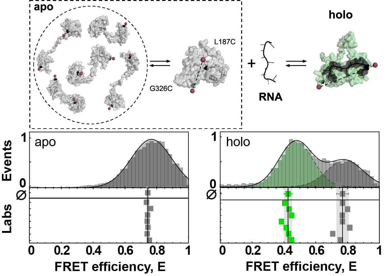 Having solved these issues, we obtained good agreement of the reported FRET efficiency histograms for the dynamic U2AF2. However, we still observed larger variations compared to MalE, especially in the RNA-bound state (see Figure 2c), likely caused by temperature differences in the participating labs (affecting the dynamic equilibrium) or degradation of the RNA ligand. The highly dynamic RNA-free state seemed like an ideal system to test whether the high reproducibility of FRET efficiency histograms would also translate to the detection and quantification of conformational dynamics. Indeed, using two commonly applied methods for detection of dynamics we could show an excellent agreement even in terms of the timescales of the structural fluctuations (see Figure 4 and Figure 5e). Finally, there is more to be said about the complex dynamics of U2AF2 and how smFRET experiments can help understand them with state-of-the-art analysis methods. In the end, this analysis was condensed into Figure 6, but let it be noted that it took a large effort of first and corresponding authors alike to understand the U2AF2 system in detail.
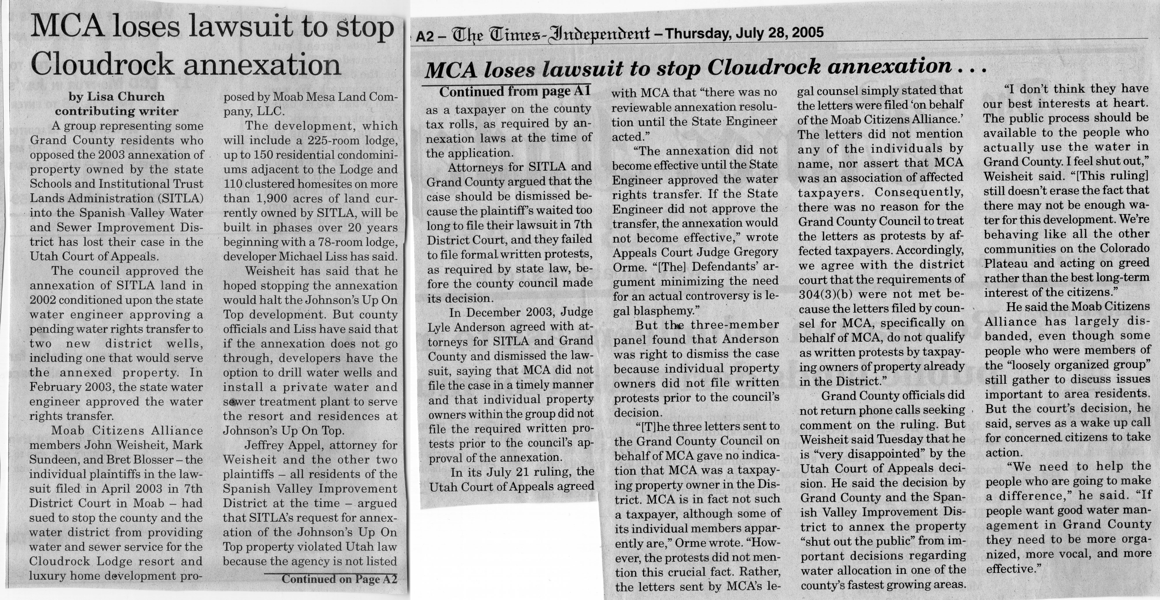 July 28, 2006 - MCA loses lawsuit to stop Cloudrock annexation
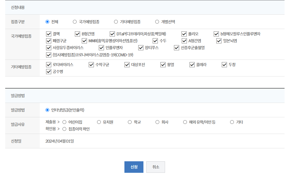 접종구분-> 접종 내역> 발급사유 선택 후 신청
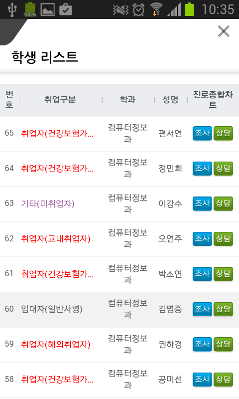 우리대학교 취업통계관리(조사) 전용 APP 입니다.
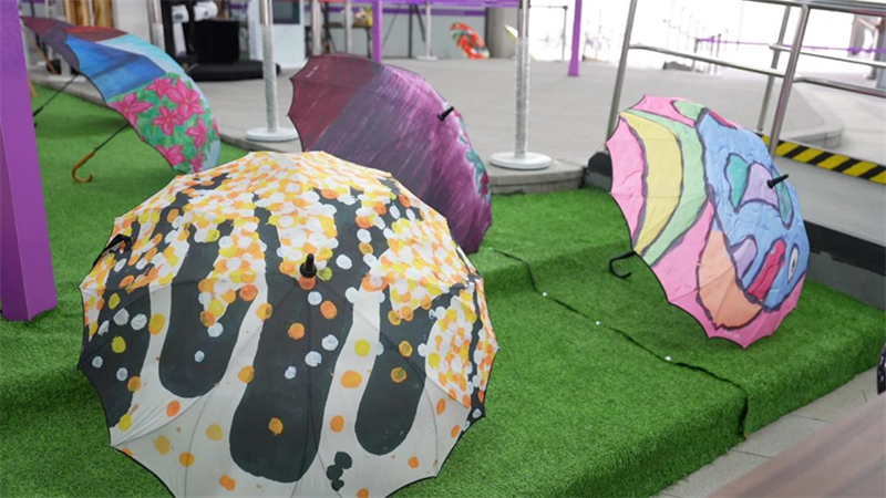 亞殘運(yùn)場館、中國元素、飛飛形象、杭城美景……這些畫作和手工制品內(nèi)容豐富、形態(tài)各異,有各類繪畫、傘面彩繪、盤繪、剪紙、黏土制品等等,鮮亮的色彩搭配相當(dāng)搶眼,讓人一看就心情愉悅。
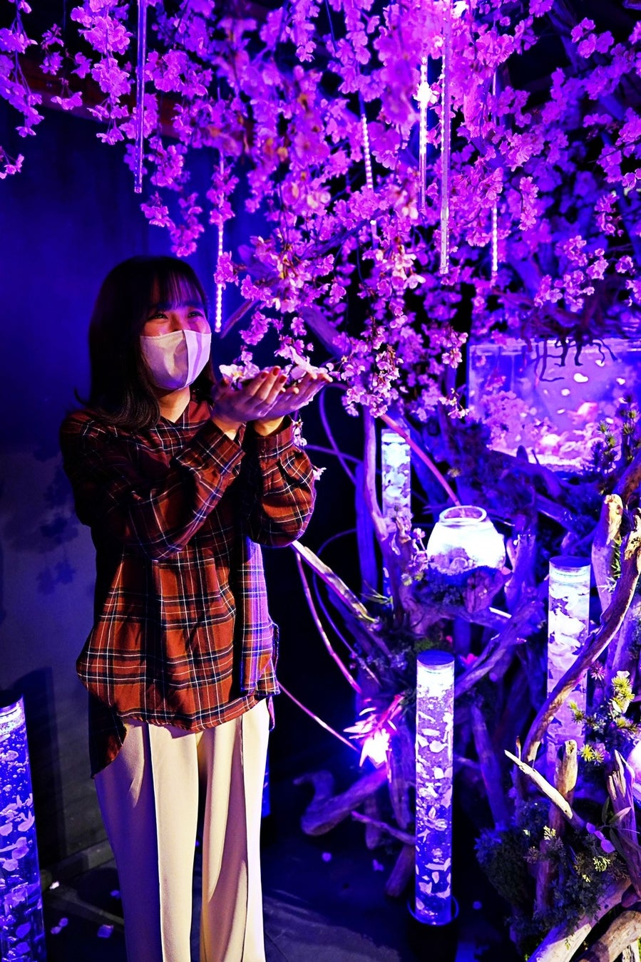 奈良金魚ミュージアムでは、年に4回季節ごとに装飾の変更を行っています。本企画では桜の花言葉「精神美」に準え、その美しさや切なさ、生命力の力強さなどを幻想的な空間と、希少とされる真っ白な「土佐錦」の展示で表現しました。
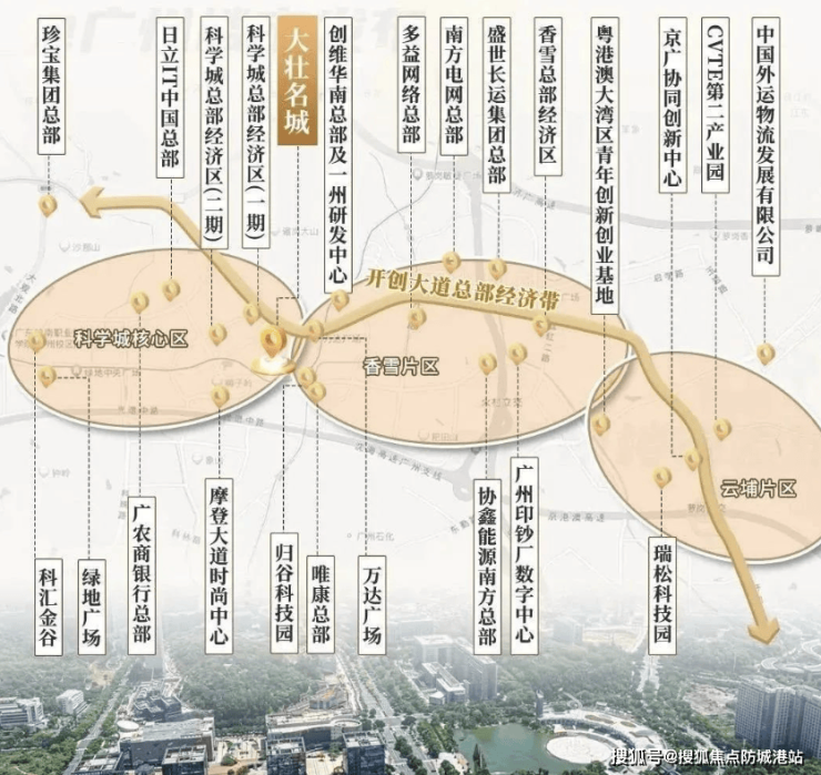大壮名城名门位于广州科学城核心,这里是湾区创新政策的重要实践地,全国科技城排名第二,聚集了南方电网总部、视源电子等80%以上的黄埔上市公司,“三集群两高地”产业布局成型。作为科学城产城融合的标杆,项目以400万方体量构建“居住+教育+商业+产业”生态。

- _TASK DIRECTIONS_:
Return the listing above in full and exactly, omitting all pictures.

- _OUTPUT OF THE EXERCISE_:
 Having solved these issues, we obtained good agreement of the reported FRET efficiency histograms for the dynamic U2AF2. However, we still observed larger variations compared to MalE, especially in the RNA-bound state (see Figure 2c), likely caused by temperature differences in the participating labs (affecting the dynamic equilibrium) or degradation of the RNA ligand. The highly dynamic RNA-free state seemed like an ideal system to test whether the high reproducibility of FRET efficiency histograms would also translate to the detection and quantification of conformational dynamics. Indeed, using two commonly applied methods for detection of dynamics we could show an excellent agreement even in terms of the timescales of the structural fluctuations (see Figure 4 and Figure 5e). Finally, there is more to be said about the complex dynamics of U2AF2 and how smFRET experiments can help understand them with state-of-the-art analysis methods. In the end, this analysis was condensed into Figure 6, but let it be noted that it took a large effort of first and corresponding authors alike to understand the U2AF2 system in detail.
 July 28, 2006 - MCA loses lawsuit to stop Cloudrock annexation
 접종구분-> 접종 내역> 발급사유 선택 후 신청
 우리대학교 취업통계관리(조사) 전용 APP 입니다.
 亞殘運(yùn)場館、中國元素、飛飛形象、杭城美景……這些畫作和手工制品內(nèi)容豐富、形態(tài)各異,有各類繪畫、傘面彩繪、盤繪、剪紙、黏土制品等等,鮮亮的色彩搭配相當(dāng)搶眼,讓人一看就心情愉悅。
 奈良金魚ミュージアムでは、年に4回季節ごとに装飾の変更を行っています。本企画では桜の花言葉「精神美」に準え、その美しさや切なさ、生命力の力強さなどを幻想的な空間と、希少とされる真っ白な「土佐錦」の展示で表現しました。
大壮名城名门位于广州科学城核心,这里是湾区创新政策的重要实践地,全国科技城排名第二,聚集了南方电网总部、视源电子等80%以上的黄埔上市公司,“三集群两高地”产业布局成型。作为科学城产城融合的标杆,项目以400万方体量构建“居住+教育+商业+产业”生态。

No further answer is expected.